Suddenly she felt Yuri at her side. “This siren,” he said, grabbing for the stone. “This siren.”
She tried to calm him and then opened the equipment locker and pulled out a lead-lined box they’d had specially made. She placed the stone into the box, sealed it shut, then slipped the box into her backpack. Beside her, Yuri stared.
“Siren,” he said quietly. “Siren.” As Danielle placed her pack inside the locker and latched it shut, he sat next to it and stared as if it were a television.
Danielle stroked his hair and looked out in front of them. A mile off, the boats McCarter had seen were splitting up, one continuing toward them, the other heading directly west to cut them off.
Perhaps the hard part was not over.
CHAPTER 34
The convoy of vehicles rumbled down a weathered strip of road in the high desert of western Nevada. A camouflaged eighteen-wheeler held the center position, flanked by an escort of machine-gun-toting Humvees and a pair of missile-armed Black Hawk helicopters two hundred feet above.
Fifty miles more and they’d arrive at Yucca Mountain and the erstwhile nuclear depository that had been in limbo for the better part of three decades.
The place had originally been designed to store nuclear waste, with the plan that it would accept the growing stockpiles of spent radioactive fuel from all across the nation. But the environmentalists had attacked and overwhelmed the process almost from day one. Years of litigation, impact studies, and changing political winds had left Yucca Mountain empty. As a result the vast majority of the country’s radioactive materials remained right where they were: at 107 different reactor sites, most of which were only lightly guarded and just miles from the nation’s largest population centers. Apparently, to those who fought against the project, that was a safer alternative.

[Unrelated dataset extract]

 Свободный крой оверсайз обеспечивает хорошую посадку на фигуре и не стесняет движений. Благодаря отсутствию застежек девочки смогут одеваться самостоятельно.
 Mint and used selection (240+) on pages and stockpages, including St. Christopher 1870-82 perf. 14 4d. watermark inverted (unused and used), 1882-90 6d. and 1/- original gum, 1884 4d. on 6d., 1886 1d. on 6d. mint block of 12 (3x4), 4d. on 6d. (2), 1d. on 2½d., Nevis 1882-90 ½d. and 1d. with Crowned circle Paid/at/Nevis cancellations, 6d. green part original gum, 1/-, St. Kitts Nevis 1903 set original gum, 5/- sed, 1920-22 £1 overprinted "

Such efforts had left Yucca Mountain sitting empty and thus usable for the NRI. And so Moore’s team had removed the Brazil stone from its vault beneath the Virginia Industrial Complex and loaded it onto a military C-17. After a four-hour flight they touched down in Nevada and then continued overland toward Yucca Mountain.

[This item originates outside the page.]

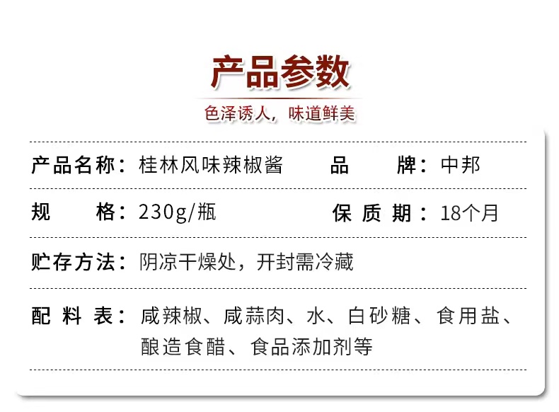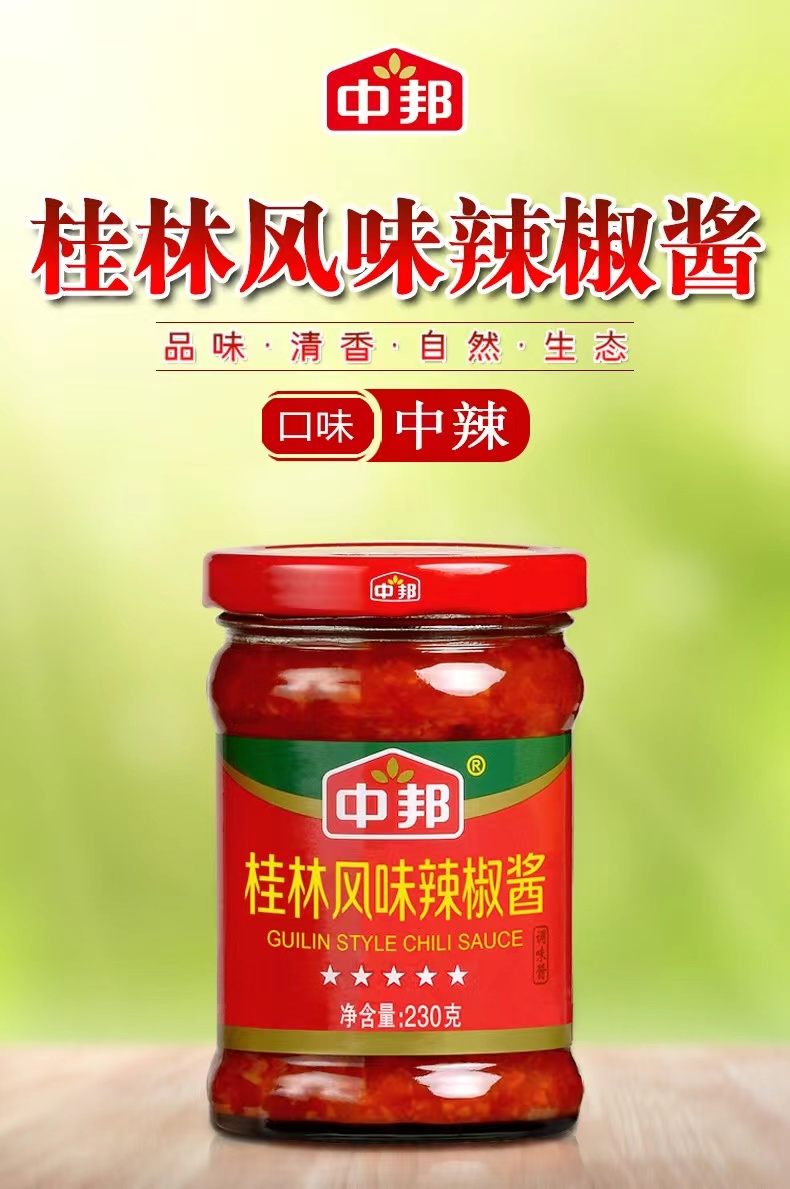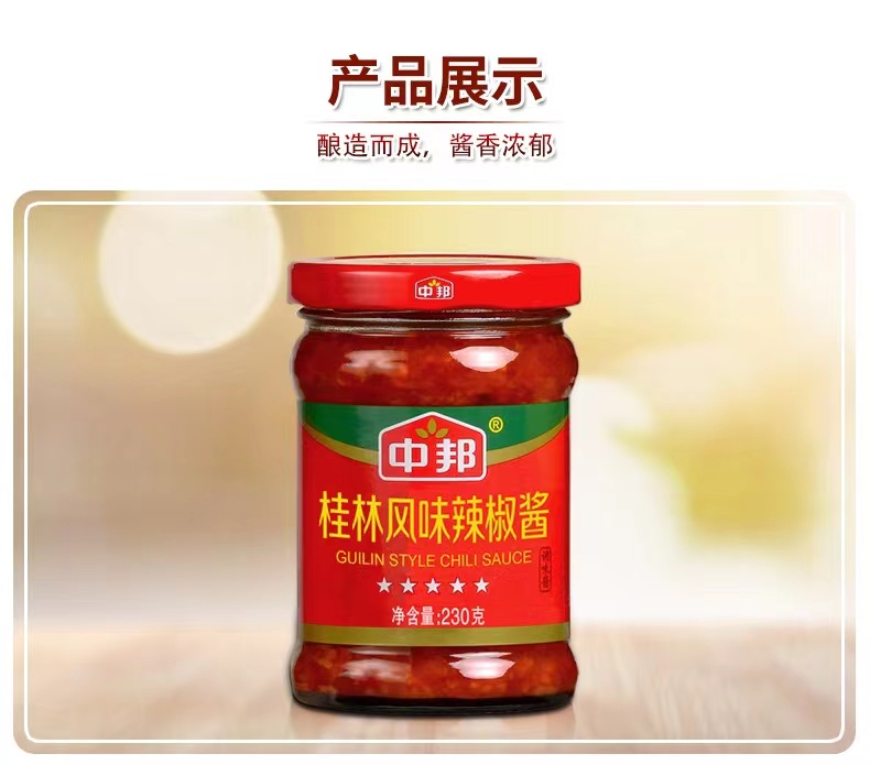 商品名称:中邦桂林风味辣椒酱230g*3瓶
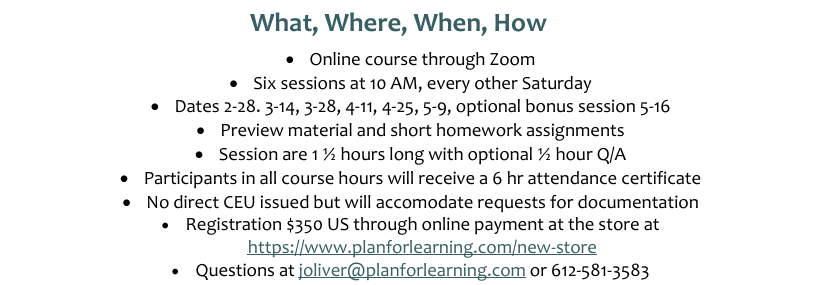 Janet Oliver and I are excited to announce that our long-awaited course is here! The bi-weekly online course beginning February 28th runs for 6 sessions with a 7th bonus session for those who want to participate. The classes are 90 minutes with an optional 30-minute Q&A opportunity directly afterwards. Registration and a FAQ page can be found at Janet’s website planforlearning.com. Please feel free to contact Janet or myself at SenseEnabled@gmail.com for more information. Come join us for a lot of learning and a little laughter!

The journey had been planned with meticulous precision, designed to bring the stone out of hiding during the lowest phase of its power surge, when it was all but dormant, and get it back into hiding before the wave began to grow once again. So far, the transit had gone off without a hitch. As things looked, they would be deep in the mountain bunker at least seven hours before the next burst.
Riding in the cab of the semitruck, Arnold Moore listened as one of the Black Hawks thundered overhead, moving forward to take point in the formation. He found himself amused at the overkill of their protection force.

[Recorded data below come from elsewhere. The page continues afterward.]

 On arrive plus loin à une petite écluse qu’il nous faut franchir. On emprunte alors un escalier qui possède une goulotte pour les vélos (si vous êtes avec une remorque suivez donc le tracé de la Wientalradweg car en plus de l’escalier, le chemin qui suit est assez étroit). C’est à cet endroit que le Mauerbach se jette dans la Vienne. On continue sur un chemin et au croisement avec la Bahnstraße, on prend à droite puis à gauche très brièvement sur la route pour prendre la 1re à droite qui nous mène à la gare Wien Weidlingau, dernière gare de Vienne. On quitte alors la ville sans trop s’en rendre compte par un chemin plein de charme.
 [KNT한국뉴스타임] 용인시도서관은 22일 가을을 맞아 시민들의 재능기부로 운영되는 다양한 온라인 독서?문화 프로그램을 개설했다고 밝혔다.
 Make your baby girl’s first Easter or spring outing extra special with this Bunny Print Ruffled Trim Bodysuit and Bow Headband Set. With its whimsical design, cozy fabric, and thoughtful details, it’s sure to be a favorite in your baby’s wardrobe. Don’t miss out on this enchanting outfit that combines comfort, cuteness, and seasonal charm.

The convoy was firmly in the heart of military controlled property, traveling an unnamed road that cut through the center of the Nellis Bombing Range. To attack them, someone would have to cross a hundred miles of open desert and then breach the most heavily guarded military base in the continental United States. Missile-armed helicopters and F-22 Raptors patrolled the skies. Cameras and infrared sensors monitored every square inch of the perimeter and, even before Moore and his cargo had arrived, the military guards had standing authority to shoot any intruders on sight. The reason was simple: This section of desert was also home to Groom Lake, a top-secret test flight center where the Stealth bomber and other exotic aircraft had been developed. And if that wasn’t enough, the land surrounding them was the infamous Area 51.